__The problem__: Repeat the records below exactly from the line containing "结束录制:录制完成后,你可以" to the line containing "Väska med Vändbara", taking in both of those lines. Drop the pictures.

__Data for processing__:
▬▬▬
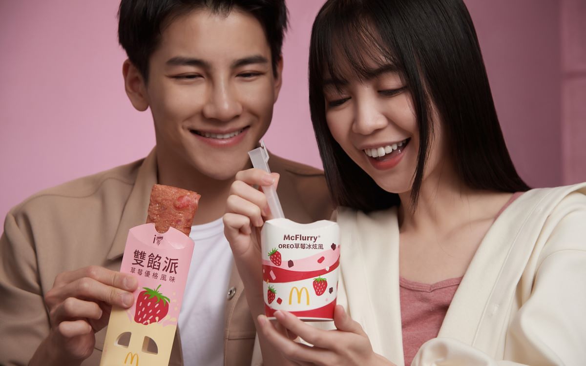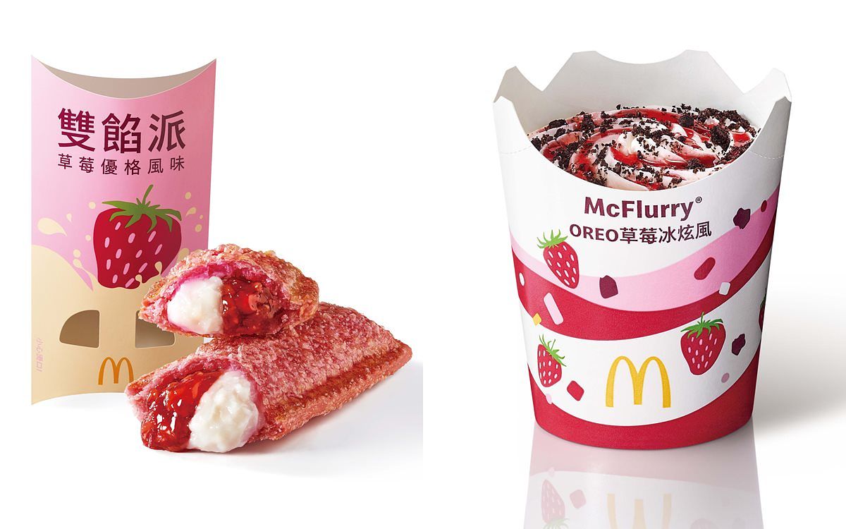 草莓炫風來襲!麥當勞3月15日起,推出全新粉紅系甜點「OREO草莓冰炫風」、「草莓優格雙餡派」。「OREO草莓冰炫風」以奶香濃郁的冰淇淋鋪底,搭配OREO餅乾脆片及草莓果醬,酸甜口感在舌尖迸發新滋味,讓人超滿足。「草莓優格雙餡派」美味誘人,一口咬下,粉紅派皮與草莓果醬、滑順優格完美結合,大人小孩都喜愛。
▬▬▬
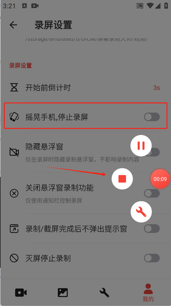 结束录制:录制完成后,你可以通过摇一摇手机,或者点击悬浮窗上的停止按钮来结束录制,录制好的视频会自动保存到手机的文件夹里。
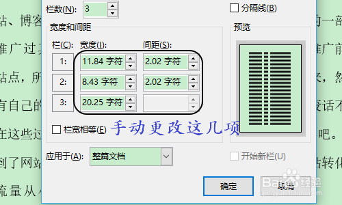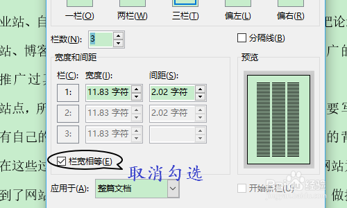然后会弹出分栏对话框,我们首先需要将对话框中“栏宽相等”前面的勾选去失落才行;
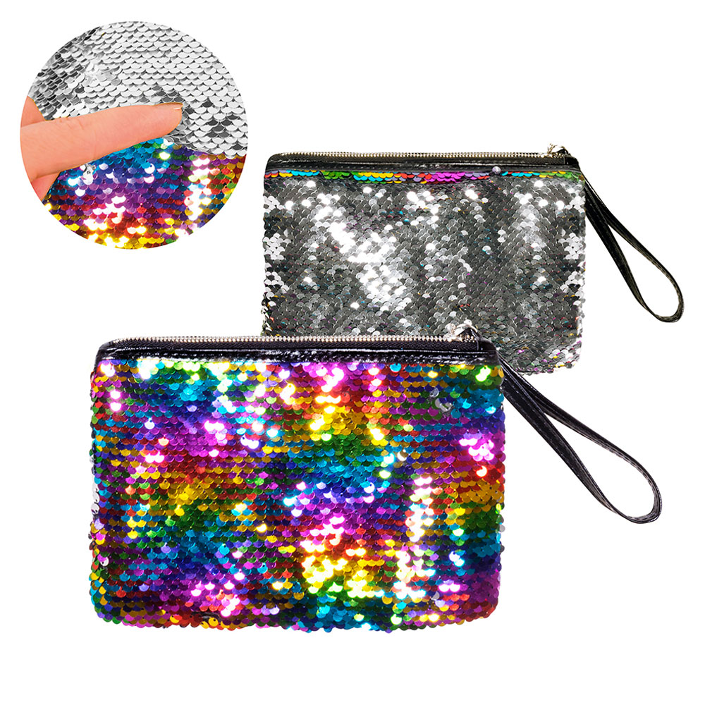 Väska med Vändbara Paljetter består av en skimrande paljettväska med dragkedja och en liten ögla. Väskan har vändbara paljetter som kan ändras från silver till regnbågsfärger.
▬▬▬
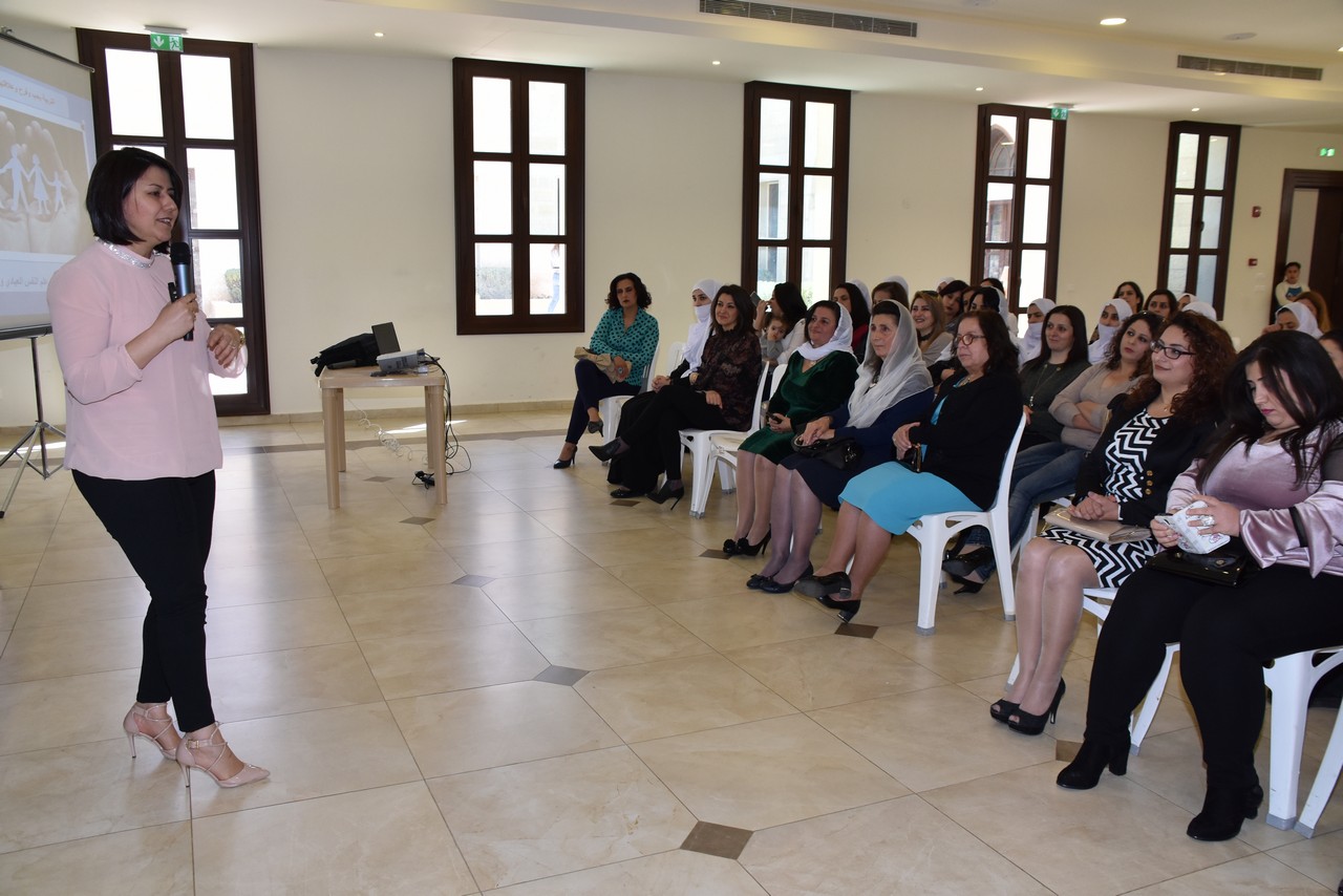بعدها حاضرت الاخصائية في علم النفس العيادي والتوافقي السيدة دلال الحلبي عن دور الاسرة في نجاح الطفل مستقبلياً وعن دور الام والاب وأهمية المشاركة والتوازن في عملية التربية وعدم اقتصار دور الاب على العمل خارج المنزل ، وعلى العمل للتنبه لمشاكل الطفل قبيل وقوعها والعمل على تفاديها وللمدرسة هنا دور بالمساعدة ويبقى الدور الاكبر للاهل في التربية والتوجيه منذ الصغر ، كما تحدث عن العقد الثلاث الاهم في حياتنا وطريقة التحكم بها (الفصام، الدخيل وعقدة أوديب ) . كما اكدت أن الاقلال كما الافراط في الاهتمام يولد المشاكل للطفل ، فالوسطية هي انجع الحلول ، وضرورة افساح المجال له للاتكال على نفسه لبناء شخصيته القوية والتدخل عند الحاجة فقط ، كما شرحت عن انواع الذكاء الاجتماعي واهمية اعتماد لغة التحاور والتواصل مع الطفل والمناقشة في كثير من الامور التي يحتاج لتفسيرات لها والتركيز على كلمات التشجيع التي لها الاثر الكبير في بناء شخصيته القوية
▬▬▬
__Answer section__:
 结束录制:录制完成后,你可以通过摇一摇手机,或者点击悬浮窗上的停止按钮来结束录制,录制好的视频会自动保存到手机的文件夹里。
然后会弹出分栏对话框,我们首先需要将对话框中“栏宽相等”前面的勾选去失落才行;
 Väska med Vändbara Paljetter består av en skimrande paljettväska med dragkedja och en liten ögla. Väskan har vändbara paljetter som kan ändras från silver till regnbågsfärger.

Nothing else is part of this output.